Note that an old length IRP will fail this test. Also an IRP which is
copied from a new IRP will also fail (CURCSP not in CTXSTK) unless of
course the copy updates the context stack, which would require knowledge
of the new fields. Therefore context information in the IRP would be
used only where it is valid.

The only practice which could get into trouble would be if someone
allocated an old sized IRP using a constant size, then copied the
IRP from a new IRP including copying the 12 byte header. This would
cause the size to be incorrect. While the copy would still not be
treated as a new IRP (the copy's stack pointer would be invalid),
the size deallocated would be different from the allocated size.

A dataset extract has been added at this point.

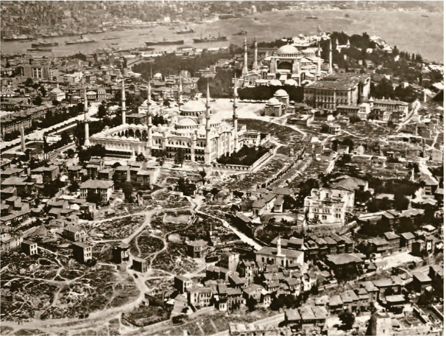
12- Sultanahmet ve çevresinin XX. yüzyıl başlarında bir yangın sonrası görünümü

Nitekim tulumba sonrası dönemde İstanbul'un muhtelif bölgelerinde çıkan yangınlar şehre büyük zararlar vermeye devam etmiştir. 101 Örneğin, 27 Temmuz 1729'da Balat'ta çıkan yangın şehrin sekizde birini yok etmiştir. 102 1730'da Fındıklı ve Şengül Hamamı civarında, 103 1731'de Galata'da çıkan yangınlar büyük zararlara yol açmıştır. 104 1732 Nisan'ında iki gün arayla Koska ve Molla Gürani'de çıkan yangınlar yine birçok binayı harabeye çevirmiştir. 105

This kind of copy is however a highly suspect practice and should be
stamped out if it exists in some third party code. I do not believe
it is in fact used. The more common practice would be to allocate
up to some constant size and copy up to that size. That would fail
to be mistaken also.

If IRPs created by fast-io or by sysqioreq have the new format, most
IRPs in the system will have the extra storage needed.

Usage:

When an IRP is encountered that is in the new format (per the tests
above), if there is room on the stack for the context one saves, it
is saved there and the curcsp field is updated to point to the next
free location. When context is used, the old curcsp field gets
reloaded.

Should the stack be missing or not enough space left to hold a full
context, the irp$v_onstack flag is cleared (if present) and the curcsp
field is left alone (if present). Another structure is allocated in pool
to store context and linked to a queue maintained by the intercept (or
a hash block is allocated and used) and the context is stored there.
This hash block or queue element must have the IRP address so that the
correct one can be found at post processing time. The context block must
also have the prior state of the flags so that when postprocessing is done
on the IRP, the flags can be reset. That way, if the stack overflowed, the
old flags will indicate that the next context down is on the IRP context
stack.

At post processing when the context information must be restored to
post process the IRP in the correct device context, the context
location is determined as it is when the information is to be stored
and is reloaded into the IRP prior to completing its posting. If an
auxiliary structure was allocated, it must be freed at post processing
time too, once its data is reloaded. 

With the new code being added to allow post processing to be handled at
IPL 8 by intercepts, this gives a low overhead way to process I/O
interception and add new processing without much change to any
drivers. 

Any code that produces old style IRPs will find that they also work, and
are not interfered with by this logic. Any cloned or copied IRPs will
work as before with the "auxiliary structure" path of this logic. Most
IRPs will however be able to use the IRP itself, with a few tess added
which involve no PALcode calls. Only code that corrupts the IRP header
could get into trouble, and that is a tiny risk due to a basically
broken coding practice anyway.

Conclusion:

This scheme is low in risk, and provides significant performance and
orderliness benefits to future I/O level intercepts including those
wanted by EDO. It will not break existing drivers or code, but will
allow new intercepts to run faster than otherwise possible and will
avoid need in the future for yet more dedicated IRP cells.